Typ 4 SMA kann sich im Laufe der Zeit allmählich verschlechtern. Symptome sind:

• Schwäche in Händen und Füßen
• Schwierigkeiten beim Gehen
• zitternde und zuckende Muskeln

Ausblick

Typ 4 SMA verändert die Lebenserwartung einer Person nicht und die zum Atmen und Schlucken verwendeten Muskeln sind normalerweise nicht betroffen.

Seltene Arten von SMA

Diese Arten von SMA sind selten und werden durch andere Genmutationen verursacht als diejenigen, die das SMN-Protein betreffen.

• Die spinale Muskelatrophie mit Atemnot (SMARD) ist eine sehr seltene Form von SMA, die durch eine Mutation des Gens IGHMBP2 verursacht wird.

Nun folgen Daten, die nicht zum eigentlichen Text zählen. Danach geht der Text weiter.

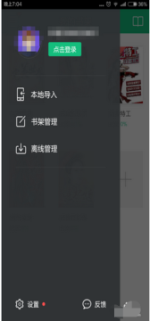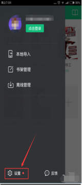 3.在我的书架界面,点击左上角的菜单图标,打开菜单界面,如图所示:
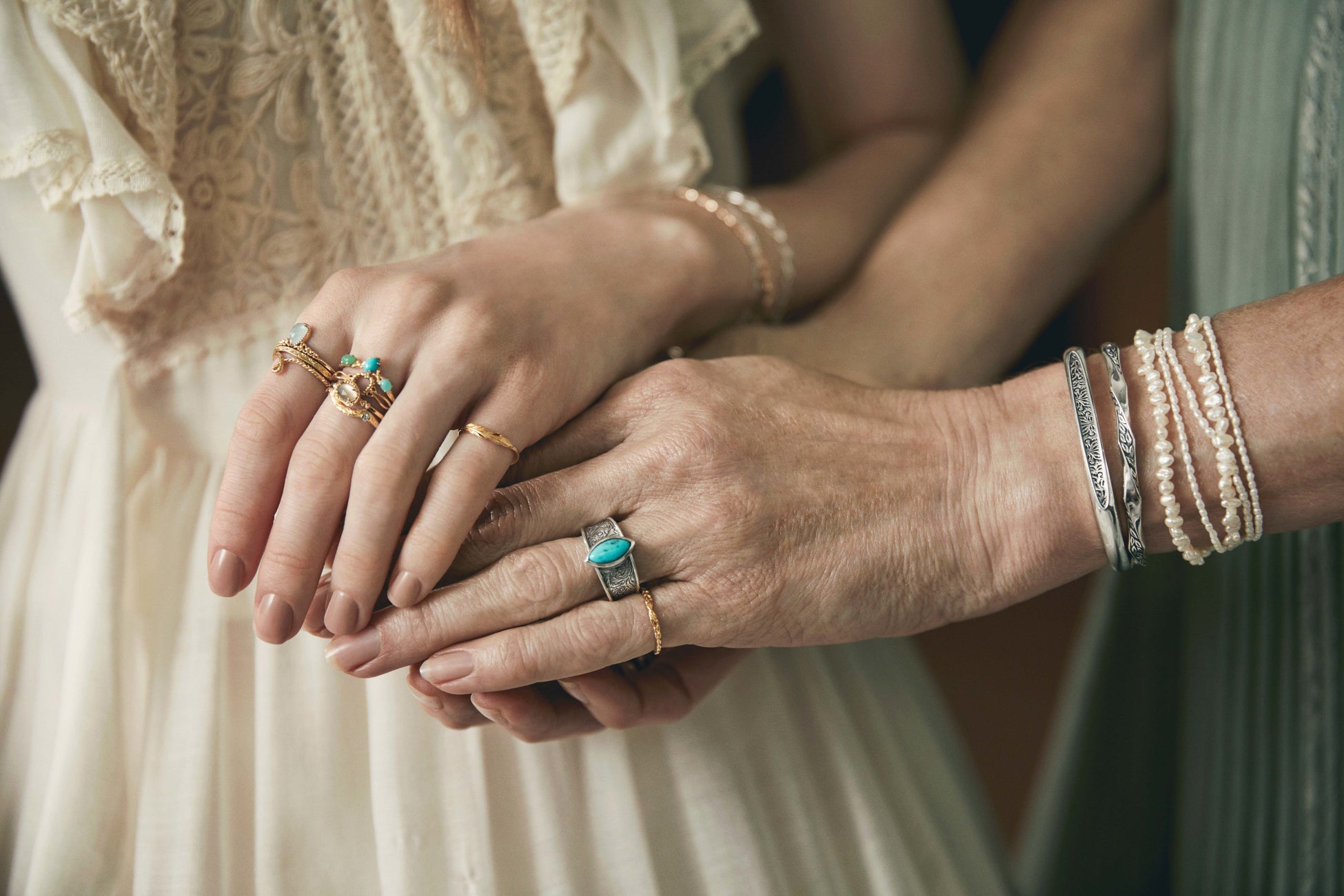 アンティークジュエリーによく使われていた手のモチーフや植物柄など、ユニセックスとしても使いやすいボリュームのあるSVバングルは、チェーンや細身のバングルと合わせるスタイリングがおすすめ。
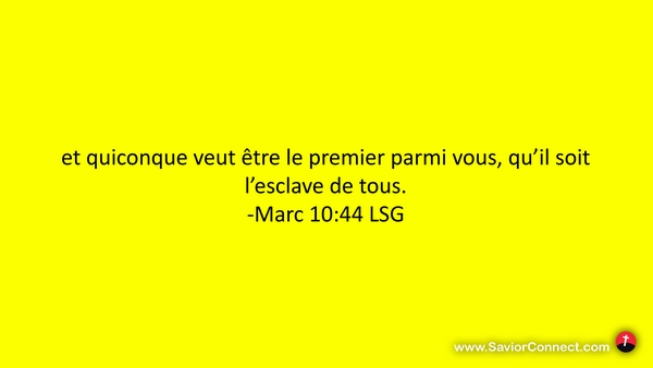 et quiconque veut être le premier parmi vous, qu'il soit l'esclave de tous. -Marc 10:44 LSG
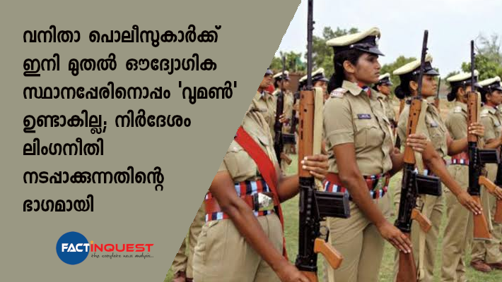 വനിതാ പൊലീസുകാര്ക്ക് ഇനി ഔദ്യോഗിക സ്ഥാനപ്പേരിനൊപ്പം ‘വുമണ്’ എന്ന് ഉപയോഗിക്കില്ല. ലിംഗ നീതി നടപ്പാക്കുന്നതിൻ്റെ ഭാഗമായാണ് നടപടി. ഡിജിപി ലോക്നാഥ് ബെഹ്റയാണ് ഇത് സംബന്ധിച്ച ഉത്തരവ് ഇറക്കിയത്. മുന്പ് വനിതാ പൊലീസുകാരെ വനിതാ പൊലീസ് കോണ്സ്റ്റബിള്, വനിതാ ഹെഡ്കോണ്സ്റ്റബിള്, വനിതാ എസ്ഐ, വനിതാ സിഐ, വനിതാ ഡിവൈഎസ്പി എന്നിങ്ങനെയാണ് അഭിസംബോധന ചെയ്തിരുന്നത്. ഇതിനാണ് ഇനി മുതല് മാറ്റം വരുന്നത്. പുരുഷ പൊലീസിനെ പോലെ സിവില് പൊലീസ് ഓഫീസര്, സീനിയര് സിവില് പൊലീസ് ഓഫീസര് എന്നും ബറ്റാലിയനിലെ വനിതകളെ പൊലീസ് കോണ്സ്റ്റബിള്, ഹവില്ദാര് എന്നുമായിരിക്കും ഇനി മുതല് സംബോധന ചെയ്യുക.
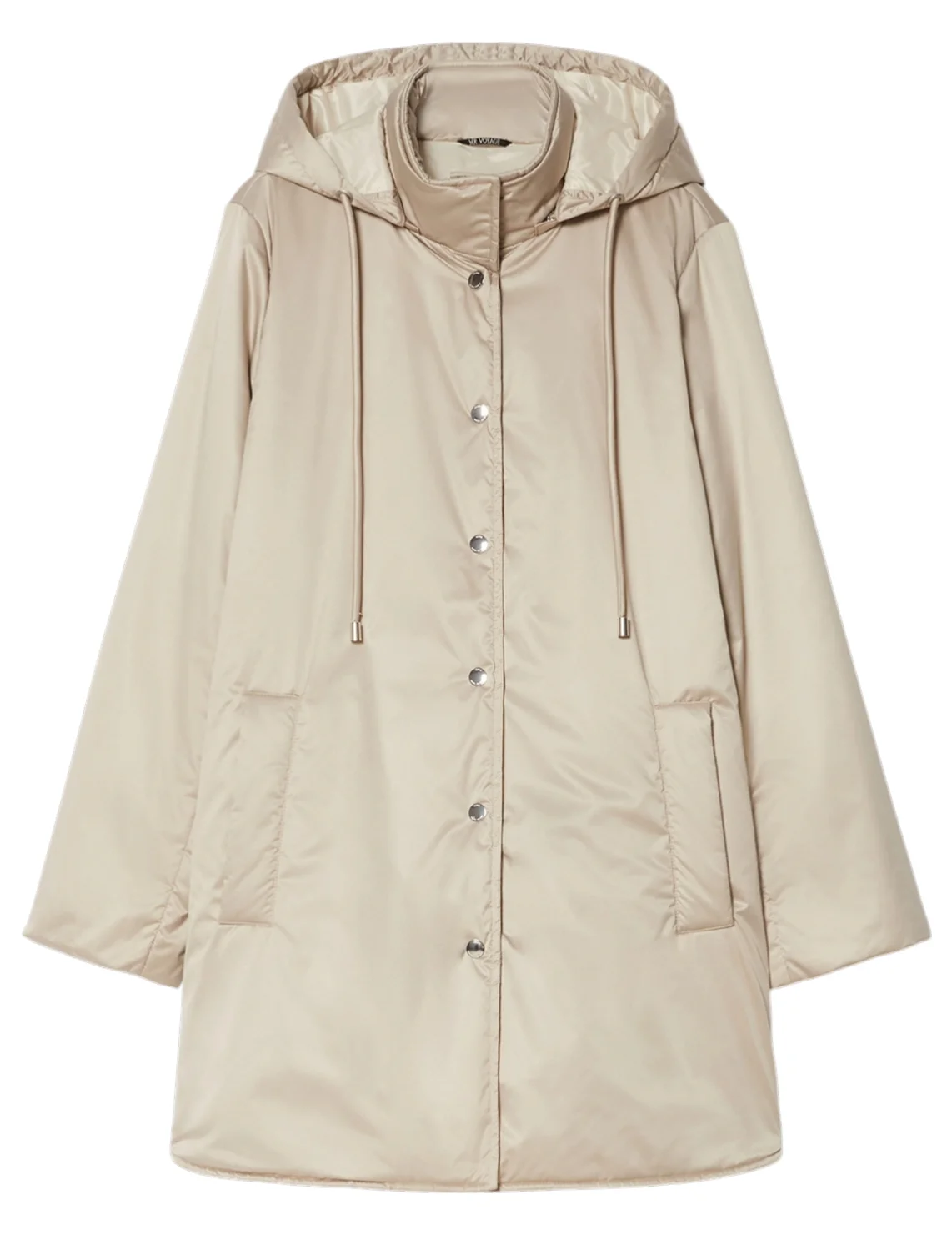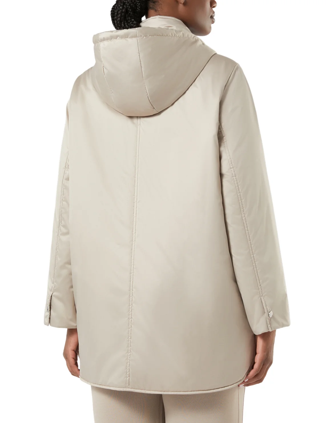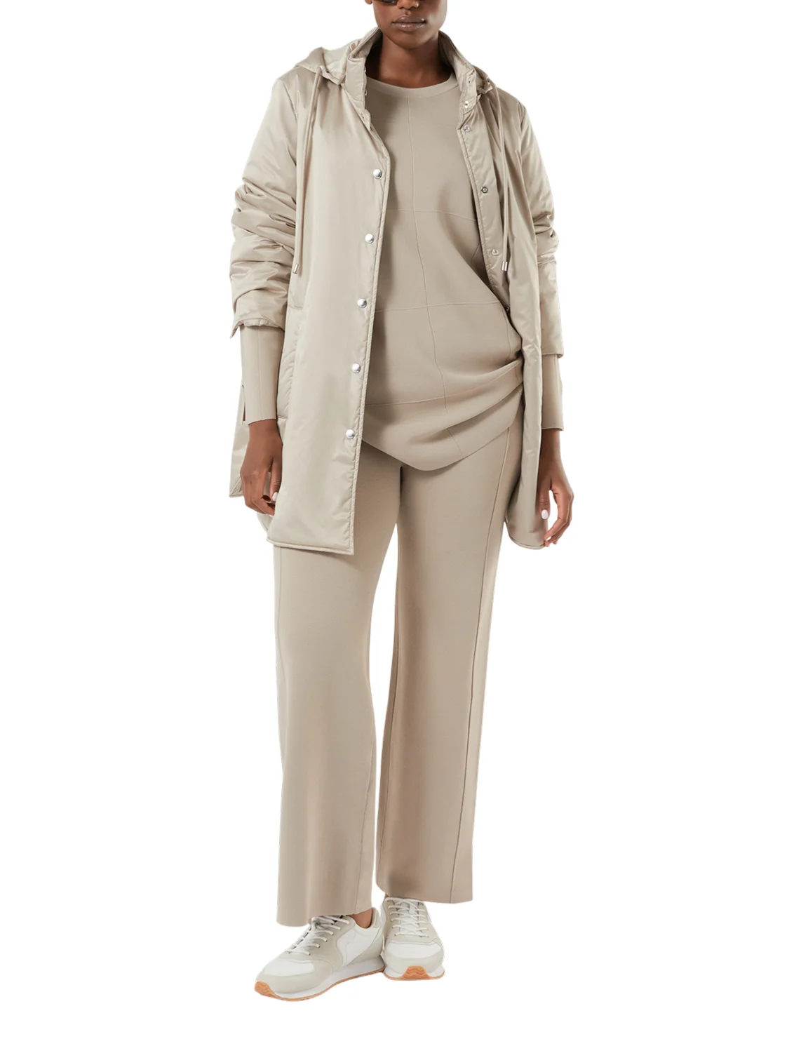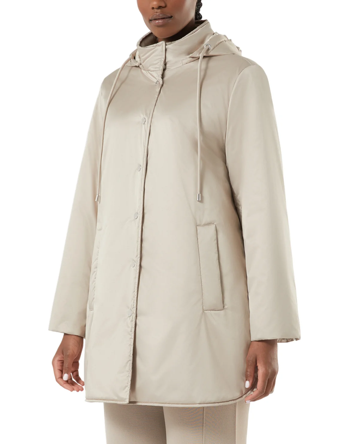 Пуховик виготовлено зі 100% поліестеру, наповнювач із кашеміру, поліестеру та вовни, підкладка з поліестеру. Модель виконана в прямому крої. Має комір-стійку, капюшон з куліскою, довгі рукави, застібку на кнопках і прорізні кишені.

SMARD wird bei Säuglingen diagnostiziert und verursacht schwere Atemprobleme.
• Die Kennedy-Krankheit oder die spinal-bulbäre Muskelatrophie (SBMA) ist eine seltene Art von SMA, von der normalerweise nur Männer betroffen sind. Es beginnt oft im Alter zwischen 20 und 40 Jahren. Zu den Symptomen gehören Zittern der Hände, Muskelkrämpfe, Schwäche der Gliedmaßen und Zucken. Während es später im Leben auch zu Gehschwierigkeiten führen kann, verändert diese Art von SMA normalerweise nicht die Lebenserwartung.
• Distale SMA ist eine seltene Form, die durch Mutationen in einem von vielen Genen verursacht wird, einschließlich UBA1, DYNC1H1 und GARS. Es betrifft Nervenzellen im Rückenmark. Die Symptome beginnen normalerweise in der Jugend und umfassen Krämpfe oder Schwäche und Muskelschwund. Es hat keinen Einfluss auf die Lebenserwartung.

Das wegnehmen

Es gibt vier verschiedene Arten von Chromosom 5-verwandter SMA, die in etwa mit dem Alter korrelieren, in dem die Symptome beginnen. Der Typ hängt von der Anzahl der SMN2-Gene ab, die eine Person benötigt, um eine Mutation im SMN1-Gen auszugleichen. Im Allgemeinen bedeutet ein früheres Erkrankungsalter weniger Kopien von SMN2 und einen größeren Einfluss auf die Motorik.

Kinder mit Typ-1-SMA haben normalerweise das niedrigste Funktionsniveau. Die Typen 2 bis 4 verursachen weniger schwere Symptome. Es ist wichtig zu beachten, dass SMA das Gehirn oder die Lernfähigkeit einer Person nicht beeinträchtigt.

Andere seltene Formen von SMA, einschließlich SMARD, SBMA und distaler SMA, werden durch unterschiedliche Mutationen mit einem völlig unterschiedlichen Vererbungsmuster verursacht. Sprechen Sie mit Ihrem Arzt, um mehr über die Genetik und die Aussichten für einen bestimmten Typ zu erfahren.